Excessive CPU time spent in clock_gettime syscalls under moderate load
jbg opened this issue · 3 comments
Description
Under load testing, we noticed that current JVB master spends most of its CPU time in kernel space, which I found surprising expecting it to be mostly userland and interrupts. Attaching strace
to the busiest thread (thread name: org.jitsi.utils
) gave this report:
# strace -c -p 10018
% time seconds usecs/call calls errors syscall
------ ----------- ----------- --------- --------- ----------------
96.62 22.894570 422 54182 clock_gettime
3.35 0.794870 1906 417 206 futex
0.02 0.004398 4398 1 1 restart_syscall
0.00 0.000704 234 3 rt_sigprocmask
0.00 0.000502 71 7 gettid
0.00 0.000355 118 3 rt_sigreturn
------ ----------- ----------- --------- --------- ----------------
100.00 23.695399 433 54613 207 total
It's calling clock_gettime
2286 times per second and spending almost all of its time inside that syscall. This is with just 10 active video senders. There are multiple Global CPU pool
threads also spending most of their time inside clock_gettime
. On this lab system, clock_gettime
system calls account for most of the CPU usage of the JVB and causes it to hit 100% CPU much earlier than it used to as we increase the load.
A separate run with async-profiler
shows:
ns percent samples top
---------- ------- ------- ---
99323573241 82.43% 9573 read_hpet_[k]
Unfortunately we have an issue with JDK debug symbols so can't get the Java part of the relevant stacktraces; they all look like this:
[ 0] read_hpet_[k]
[ 1] ktime_get_ts64_[k]
[ 2] posix_get_monotonic_timespec_[k]
[ 3] __x64_sys_clock_gettime_[k]
[ 4] do_syscall_64_[k]
[ 5] entry_SYSCALL_64_after_hwframe_[k]
[ 6] __vdso_clock_gettime
[ 7] __clock_gettime_2
[ 8] [unknown_Java]
We'll resolve the JDK debug symbols problem and update this issue. We'll also try to bisect this against the JVB repository to find out when the issue began.

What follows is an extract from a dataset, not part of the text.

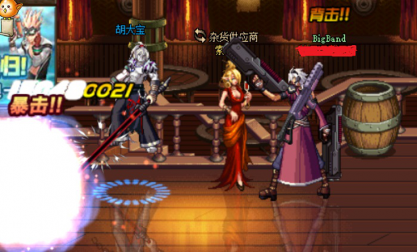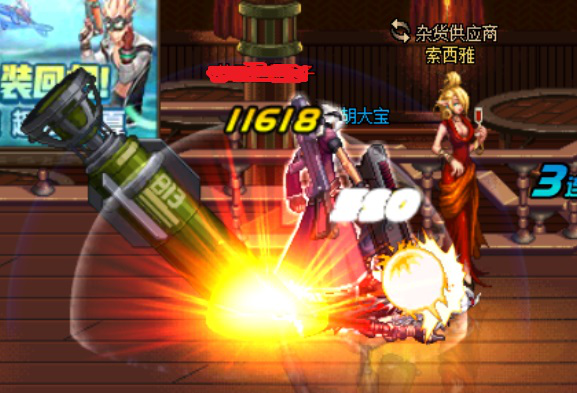 这里有一个細節,男枪炮师的加农炮可以蓄力,连招(lianzhao)一定不要蓄力时间过长以免对手落地;另外,还可以利用向上的格林机枪打到角落后,普通攻击加膝撞循环连招(lianzhao),直到蓝条保护,掌握好节奏便可轻松做到。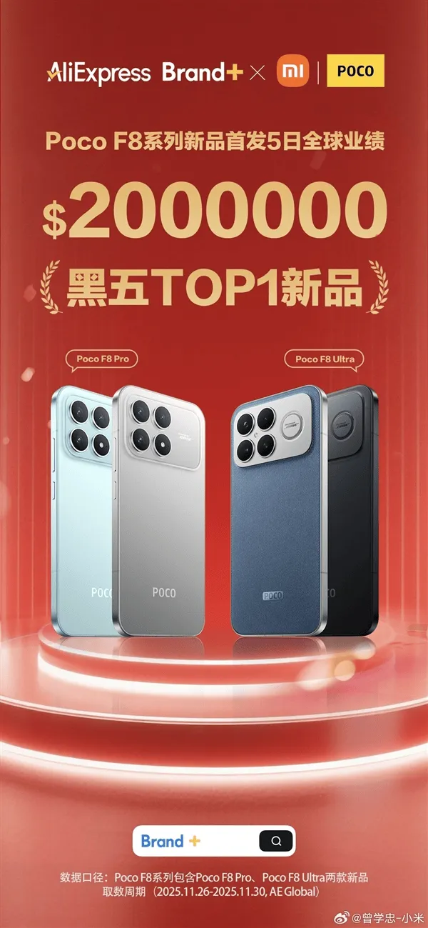 虎扑12月04日讯 据小米集团高级副总裁、国际部总裁曾学忠介绍,POCO F8系列在AE(global)首销卖爆,成为平台黑五GMV TOP1新品,首发5天全球业绩绩200万美元(约合人民币1413万)。

This could be caused by a high rate of calls to System.currentTimeMillis()
which uses clock_gettime(CLOCK_REALTIME) internally. A lot has been written in the past about how (relatively) slow this method is, at least on Linux when the clock source is a HPET, and there's a bug report asking for it to be switched to use the much faster clock_gettime(CLOCK_REALTIME_COARSE)
(which still provides sufficient precision for currentTimeMillis
), but it's not had much traction, so the workaround is basically to call it less often or switch to a different clocksource like TSC (which we may experiment with).
It's also plausible that it could be something environmental. Seeing clock_gettime
and futex
at the top of a profile reminded me of the Linux leap second futex bug, but that was fixed years ago. It would be much appreciated if anyone else can try to reproduce these results.
Steps to reproduce
- Put 10 or so people in a conference.
- Observe high System (sy) CPU usage.
- Run
top -H
and observe the PID of the busiest JVB thread. - Run
strace -c -p $PID
and interrupt it after 10-20 seconds. - Observe that
clock_gettime
consumes most of the system CPU time.
Environment details
Xeon E-2278G
Linux 5.14.9
OpenJDK 16.0.2 (tested a few different OpenJDK versions down to 8 and up to 17 with similar results)
Do you have any additional logging (like timeseries) enabled? Can you attach a java profiler?
I can not reproduce this in our environment: sy stays relatively low (~5%) and clock_gettime doesn't show up at all in the strace output (I tried 2 of the CPU pool threads and a few of the IO pool threads).
I can confirm this is somewhat an environmental issue, but it's one that might affect others as well.
Due to either a BIOS bug or a Linux kernel bug, our lab server's TSC clocksource was being marked unstable, and the HPET was being used as the clocksource instead. clock_gettime(CLOCK_REALTIME)
(and thus System.currentTimeMillis()
) is about 20x slower when the clocksource is HPET vs. when it is TSC.
Booting the system with hpet=disable
causes TSC to be selected as clocksource and the problem disappears; CPU usage drops back to normal levels.
So, anyone seeing excessive CPU usage on their JVBs, run:
cat /sys/devices/system/clocksource/clocksource0/current_clocksource
If the output is hpet
, try booting with hpet=disable
added to the kernel command line.
Incidentally, even after the fix, once we push a few hundred participants, clock_gettime
is still pretty significant in the profiling results. If there's any easy way to reduce the amount of System.currentTimeMillis()
and similar timekeeping, it could be a win.
🍿 I found this fascinating to read.